Son iki yılda yayınlanan klinik araştırmalar ile hastalıksız yaşam sürelerinde ve sağkalımda belirgin iyileşmeler sağlanmıştır. Artık yeni tedavi stratejileri ile eskiden 22 ay olan yaşam süreleri şimdi 50 ayları aşabilmektedir. Elbette bu hastalardan bir kısmında hastalık hiç tekrar etmeyip tam şifa da mümkün olabilmektedir.

Pankreas kanserinde neodjuvan tedavilerin karşılaştırması

Ameliyat öncesi tümörü küçültücü amaçla verilen tedaviye neaodjuvan tedavi denir. Günümüzde rektum kanseri, meme kanseri başta olmak üzere birçok kanserde neoadjuvan tedavi artık hayat kurtarıcı tedavi şekli olarak uygun hastalarda rutin uygulanmaktadır.
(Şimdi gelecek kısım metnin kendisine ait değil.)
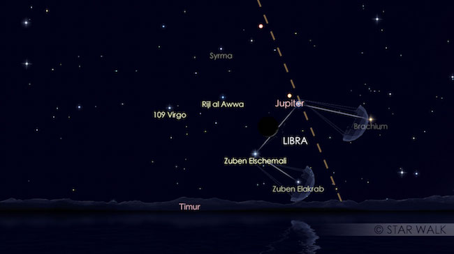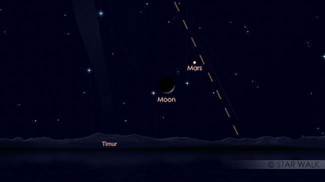 Bulan dan Jupiter tampak berpasangan di ufuk timur sebelum fajar menyingsing, dan bisa diamati sejak keduanya terbit. Jupiter akan terbit terlebih dahulu pada pukul 02:53 WIB disusul Bulan sabit pada pukul 03:07 WIB dan hanya terpisah 4,7º.
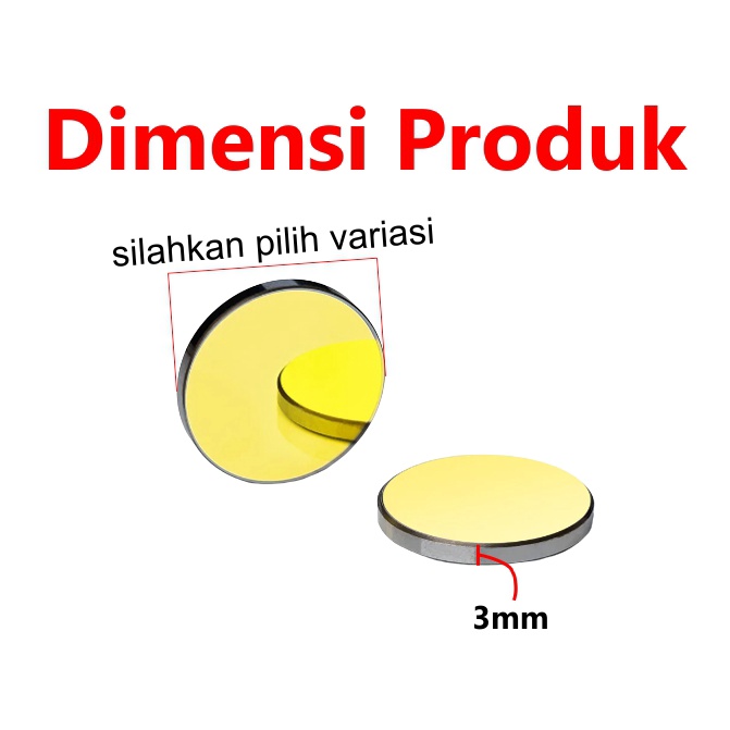 ++ Spesifikasi Produk : - Nama : Mirror Laser CO2 - Brand : Cloudray - Diameter : 20/25/30mm ( Pilih variasi ya ) - Material : Gold Coated Si - Thickness : 3mm - Wavelenght : 10.6um - Power : 60-300W(MAX) - DLL Cek foto deskripsi ya
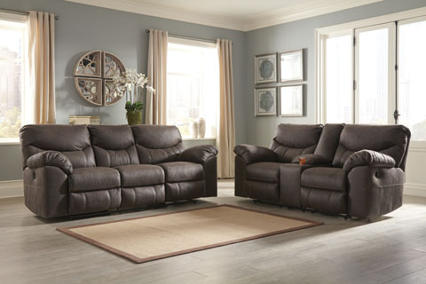 The Boxberg 2-Piece Reclining Living Room Set by Ashley Furniture offers plush comfort and contemporary style. This set includes a reclining sofa and a double reclining loveseat with a console, both featuring soft, faux leather upholstery in a teak color. The sofa measures 93 inches in width, 41 inches in depth, and 41 inches in height, while the loveseat measures 81 inches in width, 41 inches in depth, and 41 inches in height.Brand
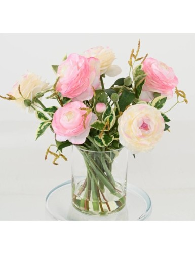 This bouquet of pink and white ranunculus (buttercups) has been made in our factories in Asia. It has 7 flowers measuring 9 cm in diameter and 15 buds. The glass vase is 16 cm high and 13 cm in diameter.
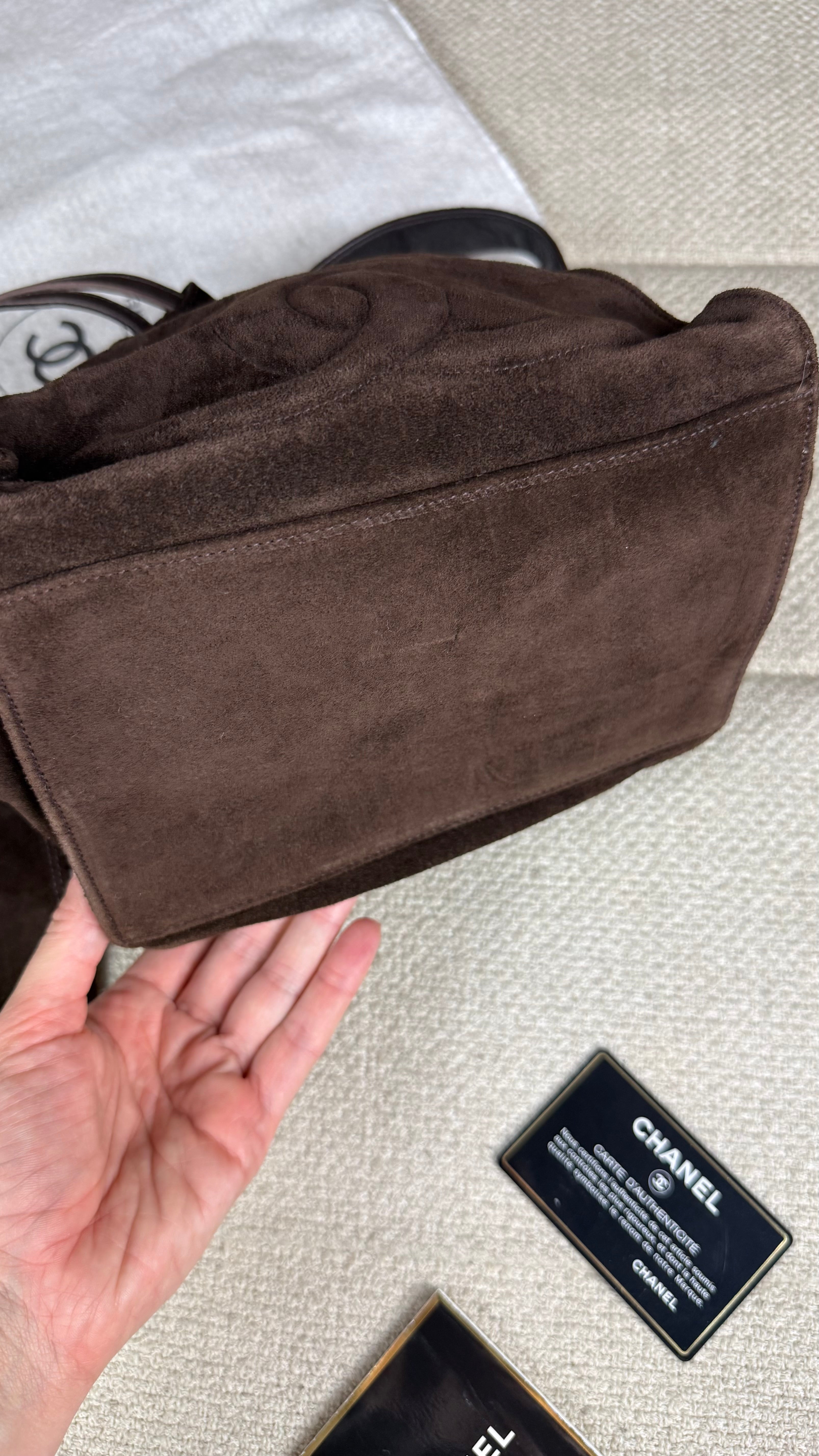 Elegante e cheia de carácter, esta mala Chanel vintage em formato bucket é confeccionada em camurça castanha escura, oferecendo uma textura macia e sofisticada que realça o seu estilo intemporal. O modelo apresenta o icónico CC discretamente marcado na parte frontal, num detalhe subtil e refinado, característico das criações clássicas da maison.
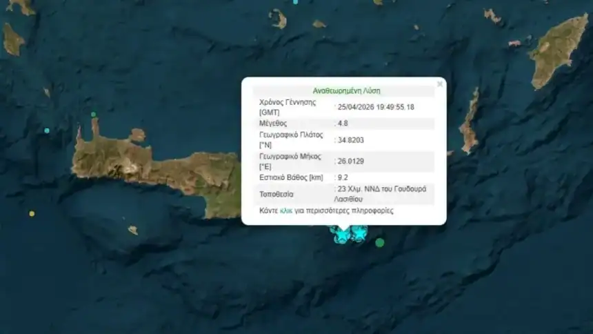 Νέα σεισμική δόνηση ταρακούνησε το Λασίθι το βράδυ του Σαββάτου 25.04.2026, με τον σεισμό να έχει μέγεθος 4,8 βαθμών της κλίμακας Ρίχτερ.
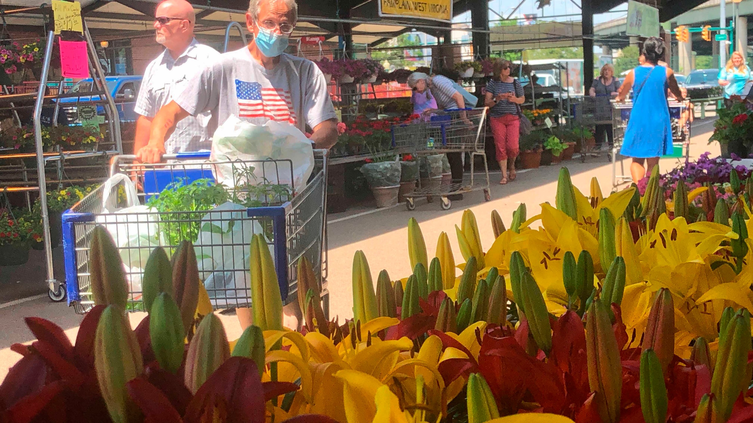 Shoppers look through offerings of flowers and vegetable plants Friday, May 22, 2021, at the Capitol Market in Charleston, W.Va. West Virginia has seen a higher percentage of residents depart than any other state in the past decade. (AP Photo/John Raby)
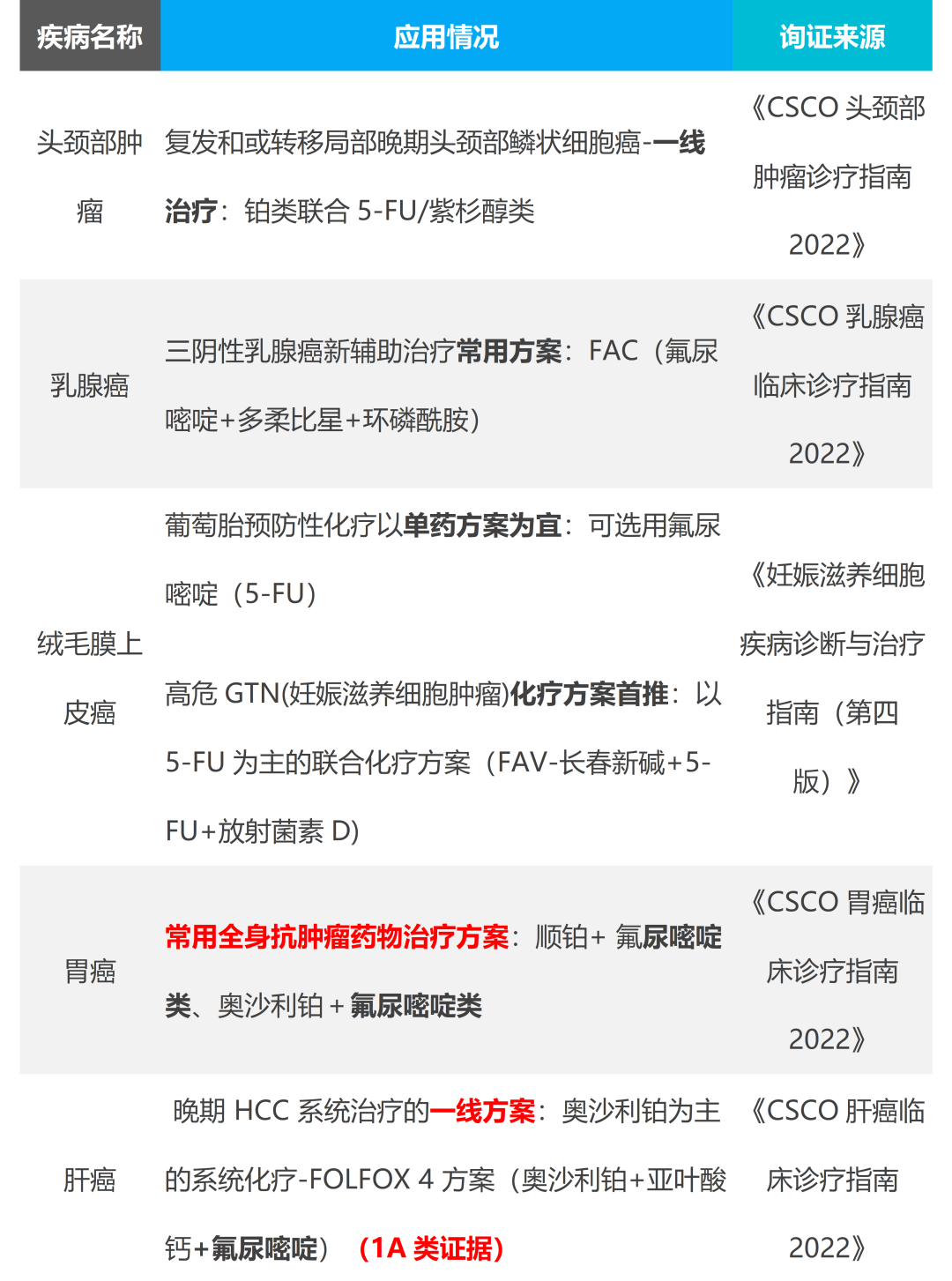氟尿嘧啶的抗瘤谱较广,适用于消化道肿瘤、绒毛膜上皮癌、乳腺癌、卵巢癌、肺癌、宫颈癌、膀胱癌及皮肤癌等,是国内外一线推荐化疗用药。并且氟尿嘧啶覆盖结直肠癌、胃癌的全程治疗,在消化道肿瘤治疗中为优选用药,多癌种用药询证证据充足。
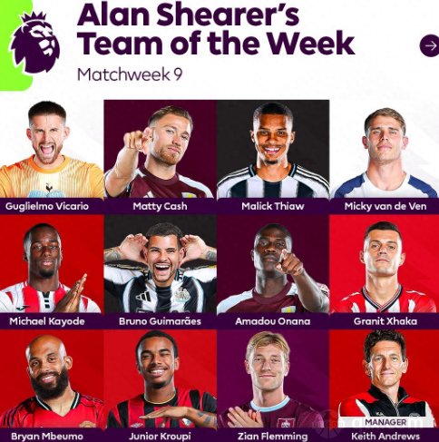 球天下10月28日讯 在英超联赛第9轮比赛结束之后,英超官方发布了希勒评选的本轮英超最佳阵容,在这份阵容中阿斯顿维拉、热刺以及纽卡斯尔联入选球员最多,各有2名球员入选,曼联、伯恩茅斯、布伦特福德、伯恩利以及桑德兰也有球员在列。在这份阵容中,有多名球员参与进球帮助球队取胜,比如曼联前锋姆贝乌莫、纽卡斯尔联中场吉马良斯、热刺后卫范德文以及阿斯顿维拉后卫卡什,这几名球员都在本轮帮助球队获得关键胜利。
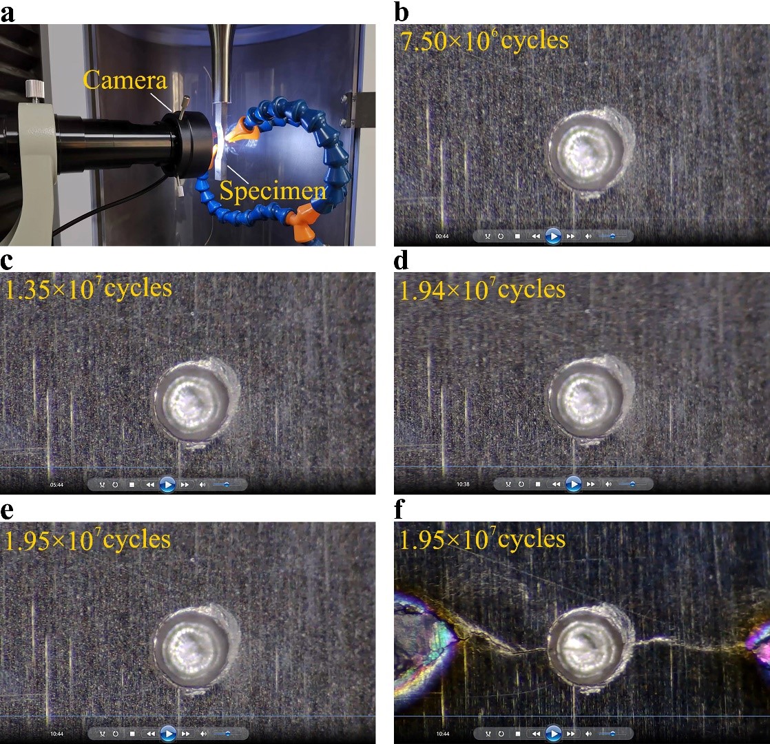 图5 含表面人工缺陷TC17钛合金超高周疲劳原位显微镜观测(σα=368 MPa, R=–1, Nf=1.95×107). 加载方向沿着纸面向上和向下.
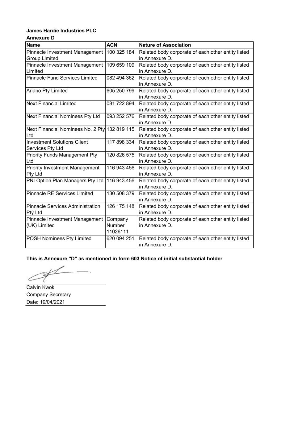 James Hardie Industries PLC Annexure D Name ACN Nature of Association Pinnacle Investment Management Group Limited 100 325 184 Related body corporate of each other entity listed in Annexure D. Pinnacle Investment Management Limited 109 659 109 Related body corporate of each other entity listed in Annexure D. Pinnacle Fund Services Limited 082 494 362 Related body corporate of each other entity listed in Annexure D. Ariano Pty Limited 605 250 799 Related body corporate of each other entity listed in Annexure D. Next Financial Limited 081 722 894 Related body corporate of each other entity listed in Annexure D. Next Financial Nominees Pty Ltd 093 252 576 Related body corporate of each other entity listed in Annexure D. Next Financial Nominees No. 2 Pty Ltd 132 819 115 Related body corporate of each other entity listed in Annexure D. Investment Solutions Client Services Pty Ltd 117 898 334 Related body corporate of each other entity listed in Annexure D. Priority Funds Management Pty Ltd 120 826 575 Related body corporate of each other entity listed in Annexure D. Priority Investment Management Pty Ltd 116 943 456 Related body corporate of each other entity listed in Annexure D. PNI Option Plan Managers Pty Ltd 116 943 456 Related body corporate of each other entity listed in Annexure D. Pinnacle RE Services Limited 130 508 379 Related body corporate of each other entity listed in Annexure D. Pinnacle Services Administration Pty Ltd 126 175 148 Related body corporate of each other entity listed in Annexure D. Pinnacle Investment Management (UK) Limited Company Number 11026111 Related body corporate of each other entity listed in Annexure D. POSH Nominees Pty Limited 620 094 251 Related body corporate of each other entity listed in Annexure D. This is Annexure "D" as mentioned in form 603 Notice of initial substantial holder Calvin Kwok Company Secretary Date: 19/04/2021
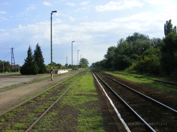 Pillantás a peronról a vonal kezdőpontja Pápa felé.
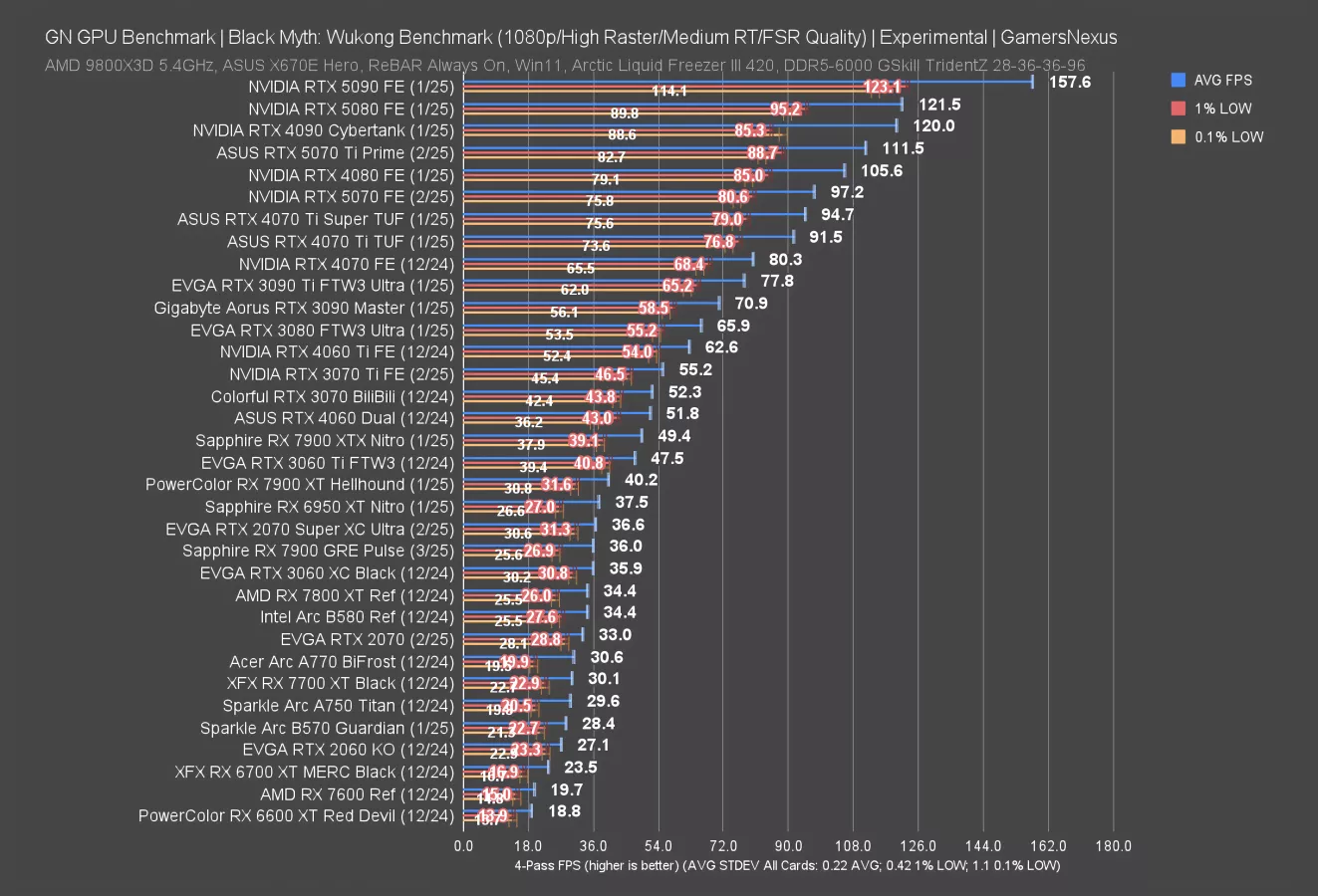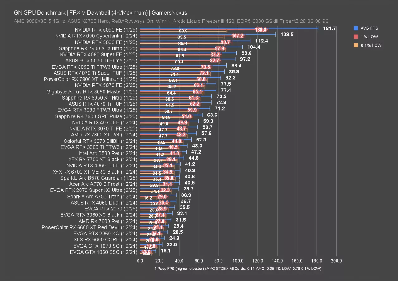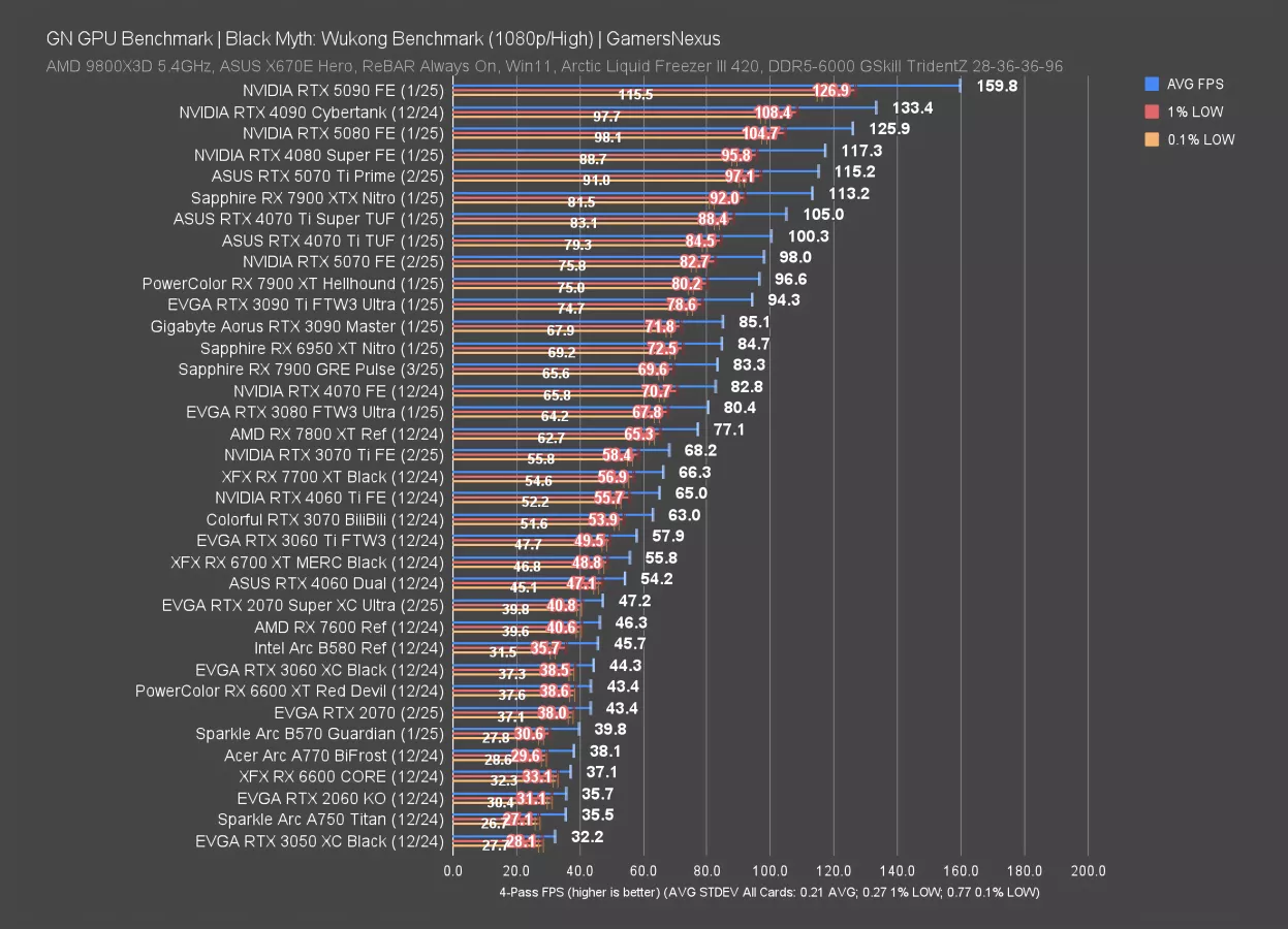 1080p reintroduces other 70-class cards: The 5070 Ti ran at 167 FPS AVG, with the 5070 at 138. That’s still 21%. The 4070 hasn’t been rerun here yet, but the 3070 is present at 85 FPS, yielding a 62% lead to the 5070, followed by the 2070 at 60 FPS for 130%, then the GTX 1070 at 35 FPS AVG. That’s about a 293% improvement to the 5070.

Bu nedenle kanser cerrahisi önerilen hastalar için ameliyat öncesi ilaç tedavisinin gerekliliği konusunda tıbbi onkoloji görüşü alınmalıdır. Pankreas kanseri de çoğu zaman karşımıza ameliyat ile tam olarak çıkarılamayacak kadar büyümüş gelmektedir. İşte bu gibi durumlarda neoadjuvan tedavi ile tümörü küçültmek cerrahi başarısını arttırabilir ve böylece sağkalım katkı sağlanabilir. Neoadjuvan tedavi ile ilgili yapılan çalışmaların değerlendirildiği metaanalizlerde (kapsamlı araştırma); neoadjuvan tedavi ile cerrahi başarısının arttığı (%20 daha başarılı sonuç) ve hayatta kalma oranlarının daha yüksek olduğu (11 ay daha uzun yaşam süresi katkısı) gösterilmiştir. Bu nedenle uygun hastalarda neoadjuvan tedavi düşünülmelidir.

Metastatik pankreas kanserinde tedavilerin karşılaştırılması

Pankreas kanseri çoğunlukla ameliyat olma aşamasından daha ileri evrelerde veya metastatik halde iken tanı konulmaktadır. Bu nedenle sistemik tedavide çok fazla gelişmelere ihtiyaç vardır. Şu ana kadar fluorourasil ile başlayan tedaviler, kombinasyon tedavi stratejileri ile belli bir noktaya kadar gelmiştir. Ancak daha farklı tedavi stratejilerine çok ihtiyaç vardır. Hedefe yönelik tedavilerin hiçbirinden net bir katkı görülememiştir. Sadece BRCA mutasyonu pozitif olan (tüm hastaların %7.4 kadarı) bir grubunda olaparib isimli PARP inhibitörü ilacın ilk sıra kemoterapiden sonra idame (devam) tedavisinde kullanılmasıyla hastalık ilerleme riskinin %47 azaltıldığı gösterilmiştir ve olaparib 27 Aralık 2019'da pankreas kanseri tedavisi için FDA onayı almıştır (bakınız). Böylelikle, pankreas kanserinde ilk olarak biyobelirteç hedefli bir tedavi onaylanmış oldu.

Görüldüğü gibi pankreas kanserinde mevcut tedaviler değişik kombinasyonlarda kullanılarak hastalık kontrolü sağlanılmaya çalışılmaktadır. Bu nedenle pankreas kanserinde yeni hedeflere ve yeni umutlara ihtiyaç vardır.